所有者AがBに甲土地を売却し、その後にBがCに甲土地を売却した場合に関する次の記述のうち、民法の規定及び判例によれば、正しいものはどれか。なお、この問において、Cは背信的悪意者ではないものとする。

選択肢

  • 1.甲土地の所有権登記がAの名義のままであったとしても、Bは、Cに甲土地を売却した後は、Aに対して自己に甲土地の所有権移転登記をするよう請求することはできない。
  • 2.Cは、甲土地の所有権移転登記を備えなければ、Aに対して自己が所有者であることを主張することができない。
  • 3.AB間の売買契約が、BC間の売買契約締結よりも前にAにより解除されていた場合、又は、 BC間の売買契約締結後にAにより解除された場合のいずれの場合であっても、 Cは、甲土地の所有権移転登記を備えれば、Aに対して自己の所有権を主張することができる。
  • 4.AB間の売買契約が、BC間の売買契約よりも前にBの強迫を理由として取り消されていた場合、又は、BC間の売買契約締結後にBの強迫を理由として取り消された場合のいずれの場合であっても、Cは、Bの強迫につき善意でかつ過失がなければ、Aに対して自己の所有権を主張することができる。

正解

3. AB間の売買契約が、BC間の売買契約締結よりも前にAにより解除されていた場合、又は、 BC間の売買契約締結後にAにより解除された場合のいずれの場合であっても、 Cは、甲土地の所有権移転登記を備えれば、Aに対して自己の所有権を主張することができる。

解説

不動産の二重譲渡・対抗関係の総合問題。

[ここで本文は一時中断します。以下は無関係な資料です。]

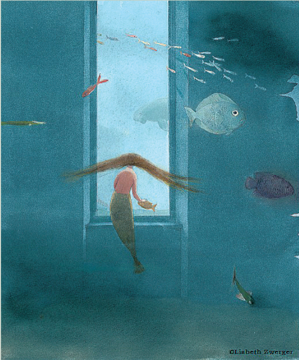
1990年大奖得主 莉丝白·茨威格作品《海的女儿》

据悉，国际安徒生奖诞生于1956年，由丹麦女王玛格丽特二世赞助、国际儿童读物联盟创立。这一大奖与德籍犹太裔女记者、作家吉拉·莱普曼密不可分。她于二战后重返德国，协助实施妇女与儿童再教育计划。她认为阅读是促进国际谅解与和平的重要手段，而在战争中受害最大的是儿童。从搜集世界各国出版的最佳童书、举办展览开始，她最终创设了国际儿童读物联盟。国际安徒生奖每两年评比一次，根据候选人对童书的贡献作整体考量。2016年，曹文轩成为首位获奖的中国作家。1966年，随着绘本在全球范围的蓬勃发展，国际安徒生奖增设了插画奖。回顾其50余年的历程，当属前捷克斯洛伐克和德国最出人才，各有四届桂冠得主。由于终身成就奖的性质，画家们捧得荣誉大多在五六十岁，不过也有例外，1974年该奖项得主、伊朗插画家法尔希德·马斯哈里当时年仅31岁，在历届获奖者中最为年轻。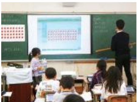
伊丹市立緑丘小学校 2年生算数科の授業の様子 (12月15日 (火))

小学校低学年では、電源の入れ方、ログインの仕方など基本的な操作から練習しました。一人でログインができ、教師から送信された学習プリントを受け取れた時には「わあ」と歓声が上がり、教師が指示しなくても自ら、学習プリントに取り組み姿が見られました。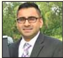
ਸਰਤਾਜ ਜੱਜ ਅਟਾਰਨੀ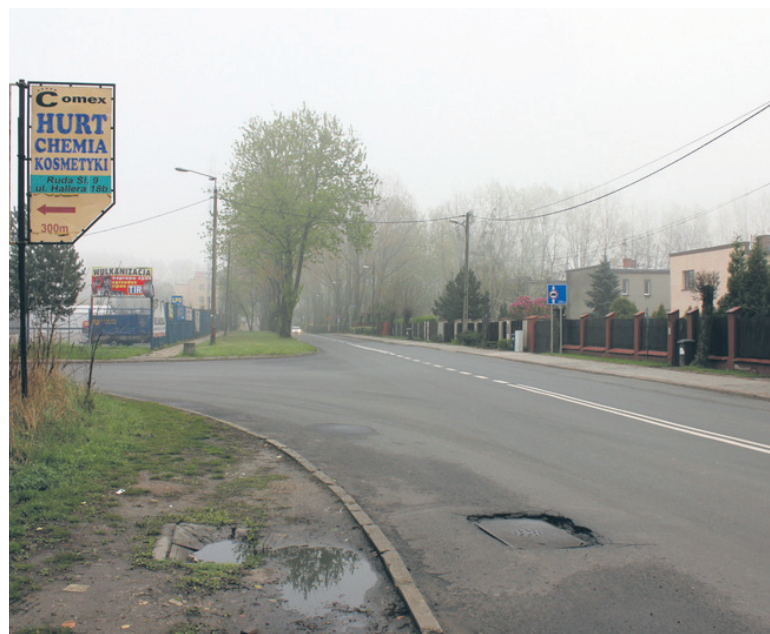
Zakład produkcji sadzy technicznej i olejów w procesie pirolizy niskotemperaturowej miał powstać przy ulicy Hallera – naprzeciw osiedla domków jednorodzinnych.

– Od początku podkreślałem, że decyzja wydana przez Panią Prezydent jest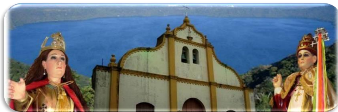
Imagen No 17 Ilustración de Santos patrono del municipio de Catarina e iglesia tomada de sitio web Nov/2014

A continuación mostremos en Imagen No.17 Ilustración de los santos patronos del municipio de Catarina: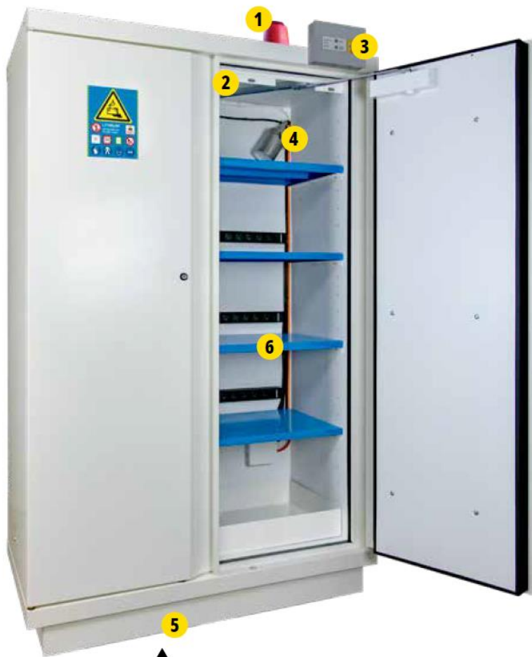
▲ 795+LIX4 + 4 PRISELI + B235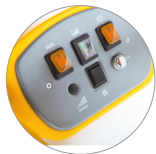
Panel de mandos

民法177条の対抗要件、解除前後の第三者(545条1項但書・判例)、強迫取消し前後の第三者(96条3項の反対解釈)を問う。中間者Bは契約解除や取消しがあっても、登記移転請求権を有するのが原則。Cが解除前の第三者として保護されるには登記が必要(545条1項但書、最判昭33.6.14)、強迫取消し前の第三者は96条3項の保護対象外で、善意・無過失でも保護されない点が決め手。